* **RECORDS PROVIDED**:
▬▬▬
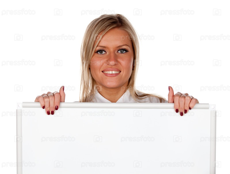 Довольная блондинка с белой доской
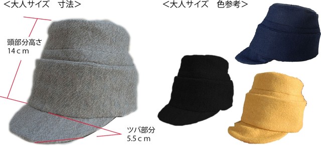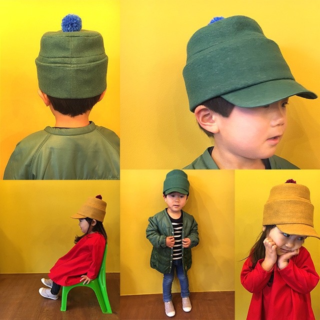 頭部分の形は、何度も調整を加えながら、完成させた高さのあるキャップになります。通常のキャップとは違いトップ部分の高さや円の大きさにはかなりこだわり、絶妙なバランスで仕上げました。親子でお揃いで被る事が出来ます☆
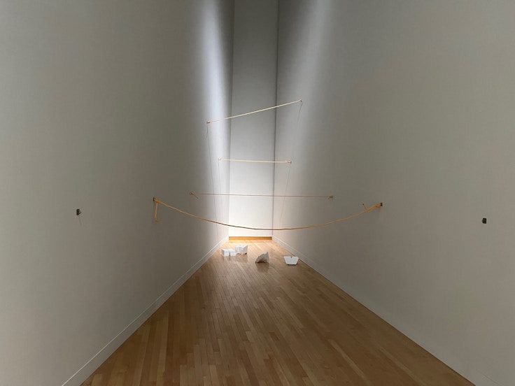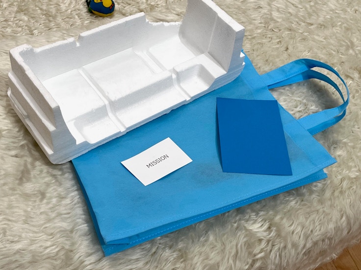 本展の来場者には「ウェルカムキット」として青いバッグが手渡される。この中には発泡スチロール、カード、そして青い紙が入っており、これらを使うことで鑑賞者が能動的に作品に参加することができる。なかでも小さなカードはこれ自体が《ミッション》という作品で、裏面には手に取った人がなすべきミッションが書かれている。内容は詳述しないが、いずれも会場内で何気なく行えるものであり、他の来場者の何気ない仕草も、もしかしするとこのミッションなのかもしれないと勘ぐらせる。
▬▬▬
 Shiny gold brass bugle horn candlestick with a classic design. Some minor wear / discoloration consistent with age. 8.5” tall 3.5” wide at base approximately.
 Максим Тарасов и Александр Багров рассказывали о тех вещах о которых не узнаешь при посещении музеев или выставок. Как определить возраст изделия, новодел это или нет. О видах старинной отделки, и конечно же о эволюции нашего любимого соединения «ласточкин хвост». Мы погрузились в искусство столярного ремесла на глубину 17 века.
▬▬▬
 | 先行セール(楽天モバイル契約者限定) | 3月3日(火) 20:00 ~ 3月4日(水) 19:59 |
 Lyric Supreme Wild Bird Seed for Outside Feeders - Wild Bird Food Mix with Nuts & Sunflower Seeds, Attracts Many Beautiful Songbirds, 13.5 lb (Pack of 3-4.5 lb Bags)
▬▬▬
* **PROBLEM**:
Would you set down only the lines above from the line with "Довольная блондинка с белой доской" to the line with "本展の来場者には「ウェルカム", both included, exactly as they stand and without the pictures?

* **SOLUTION BELOW**:
 Довольная блондинка с белой доской
 頭部分の形は、何度も調整を加えながら、完成させた高さのあるキャップになります。通常のキャップとは違いトップ部分の高さや円の大きさにはかなりこだわり、絶妙なバランスで仕上げました。親子でお揃いで被る事が出来ます☆
 本展の来場者には「ウェルカムキット」として青いバッグが手渡される。この中には発泡スチロール、カード、そして青い紙が入っており、これらを使うことで鑑賞者が能動的に作品に参加することができる。なかでも小さなカードはこれ自体が《ミッション》という作品で、裏面には手に取った人がなすべきミッションが書かれている。内容は詳述しないが、いずれも会場内で何気なく行えるものであり、他の来場者の何気ない仕草も、もしかしするとこのミッションなのかもしれないと勘ぐらせる。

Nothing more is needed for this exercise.